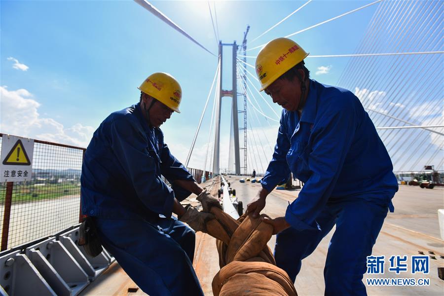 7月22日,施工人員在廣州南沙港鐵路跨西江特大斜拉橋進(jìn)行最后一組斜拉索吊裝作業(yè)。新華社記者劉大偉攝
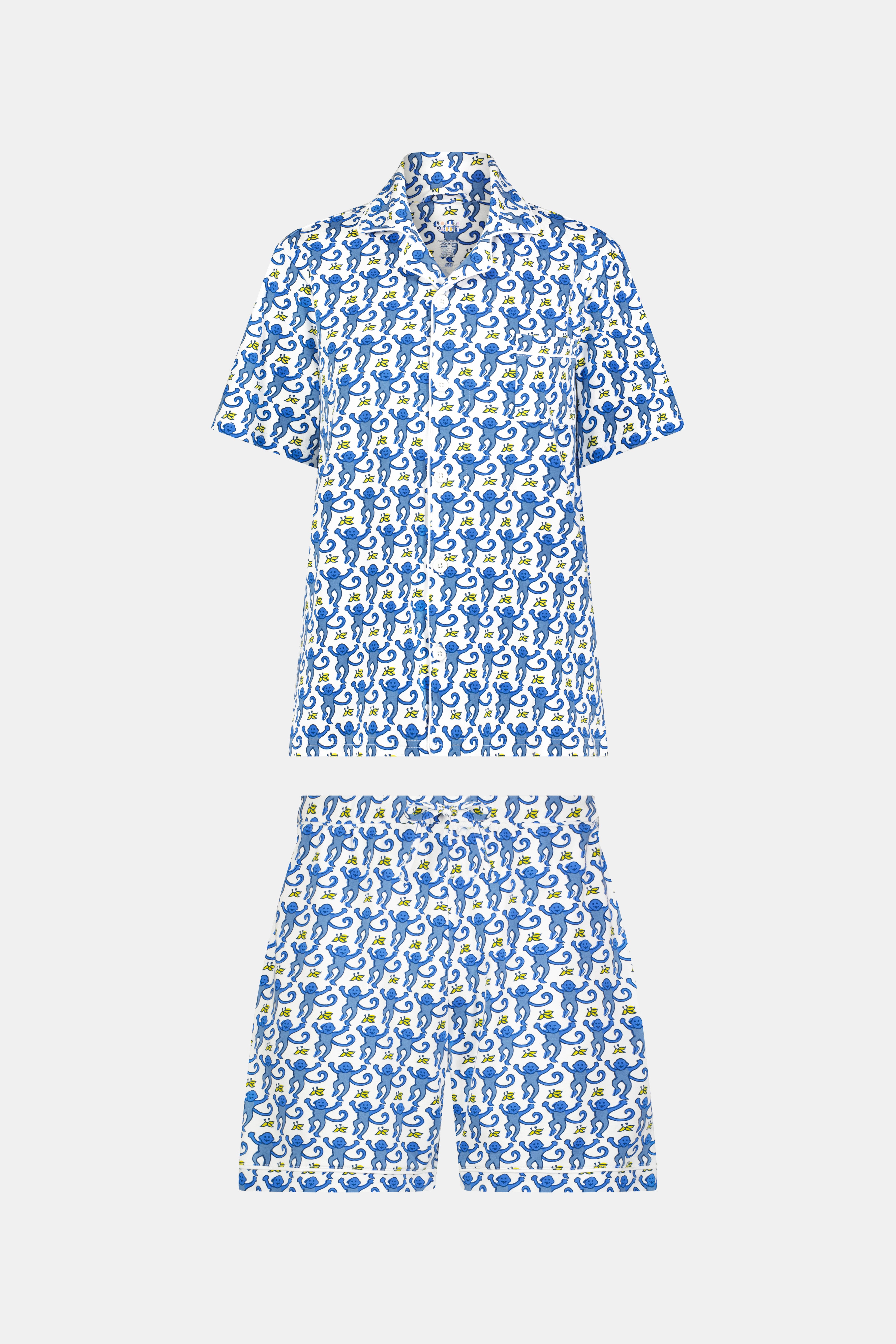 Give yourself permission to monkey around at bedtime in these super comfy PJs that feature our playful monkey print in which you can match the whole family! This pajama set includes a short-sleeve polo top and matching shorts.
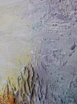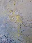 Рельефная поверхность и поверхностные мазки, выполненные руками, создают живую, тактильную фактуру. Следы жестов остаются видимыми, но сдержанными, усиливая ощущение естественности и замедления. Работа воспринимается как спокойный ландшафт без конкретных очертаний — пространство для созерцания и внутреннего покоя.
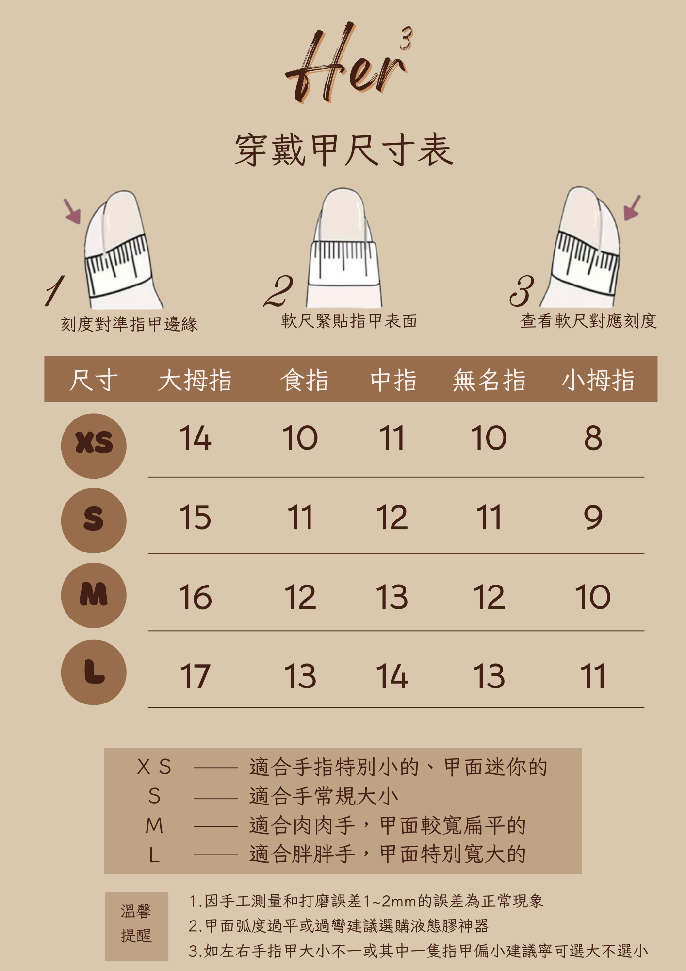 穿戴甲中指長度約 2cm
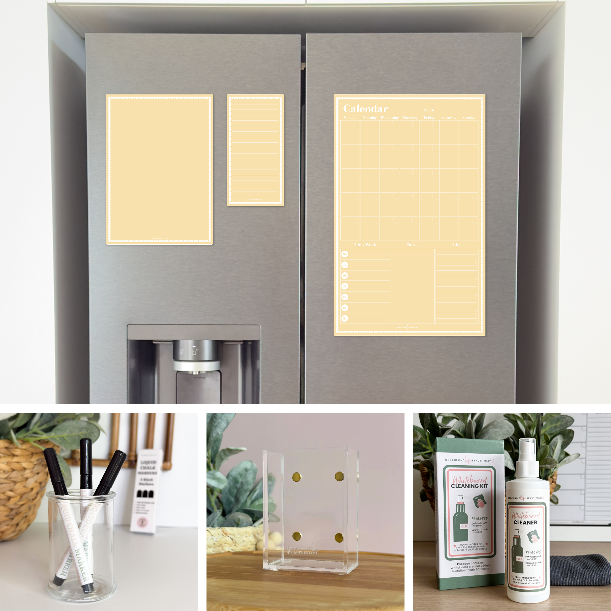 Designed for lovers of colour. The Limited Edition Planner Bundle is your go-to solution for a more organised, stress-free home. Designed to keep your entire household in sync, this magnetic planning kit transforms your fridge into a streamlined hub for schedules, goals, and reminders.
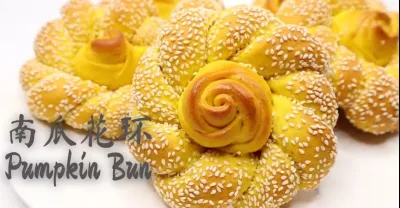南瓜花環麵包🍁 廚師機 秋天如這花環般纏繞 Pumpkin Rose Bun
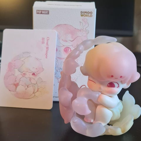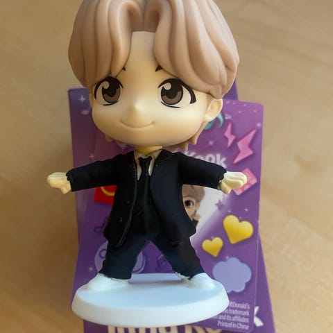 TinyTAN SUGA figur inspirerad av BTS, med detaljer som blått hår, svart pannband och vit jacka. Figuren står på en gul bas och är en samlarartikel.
==========
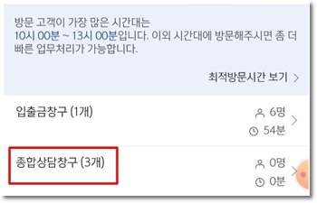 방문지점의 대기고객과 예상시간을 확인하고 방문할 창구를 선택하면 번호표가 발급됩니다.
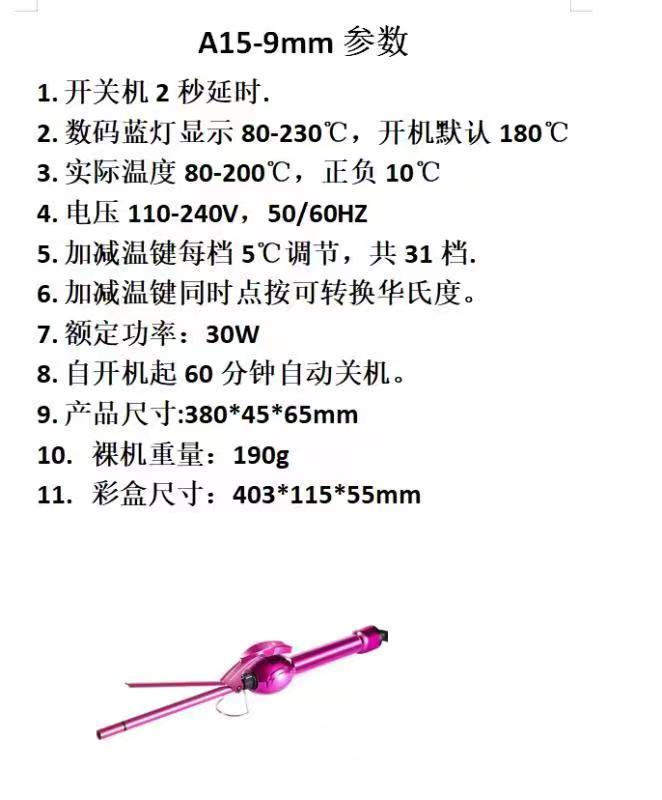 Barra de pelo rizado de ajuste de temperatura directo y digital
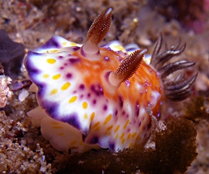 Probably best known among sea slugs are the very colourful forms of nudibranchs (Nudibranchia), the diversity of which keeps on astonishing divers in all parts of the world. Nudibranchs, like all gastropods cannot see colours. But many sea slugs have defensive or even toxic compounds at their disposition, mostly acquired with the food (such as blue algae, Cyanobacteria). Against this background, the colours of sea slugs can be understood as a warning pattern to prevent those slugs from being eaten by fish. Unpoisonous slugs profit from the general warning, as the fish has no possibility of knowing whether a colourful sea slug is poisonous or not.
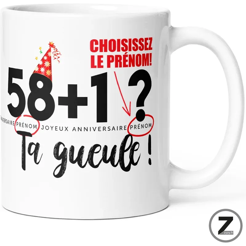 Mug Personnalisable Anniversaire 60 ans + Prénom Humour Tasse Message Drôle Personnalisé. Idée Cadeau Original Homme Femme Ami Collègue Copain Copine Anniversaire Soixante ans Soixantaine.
==========
Look above for the line containing "방문지점의 대기고객과 예상시간을", then copy exactly from it through the line containing "Mug Personnalisable Anniversaire", keeping both and leaving out pictures. Add nothing else.

 방문지점의 대기고객과 예상시간을 확인하고 방문할 창구를 선택하면 번호표가 발급됩니다.
 Barra de pelo rizado de ajuste de temperatura directo y digital
 Probably best known among sea slugs are the very colourful forms of nudibranchs (Nudibranchia), the diversity of which keeps on astonishing divers in all parts of the world. Nudibranchs, like all gastropods cannot see colours. But many sea slugs have defensive or even toxic compounds at their disposition, mostly acquired with the food (such as blue algae, Cyanobacteria). Against this background, the colours of sea slugs can be understood as a warning pattern to prevent those slugs from being eaten by fish. Unpoisonous slugs profit from the general warning, as the fish has no possibility of knowing whether a colourful sea slug is poisonous or not.
 Mug Personnalisable Anniversaire 60 ans + Prénom Humour Tasse Message Drôle Personnalisé. Idée Cadeau Original Homme Femme Ami Collègue Copain Copine Anniversaire Soixante ans Soixantaine.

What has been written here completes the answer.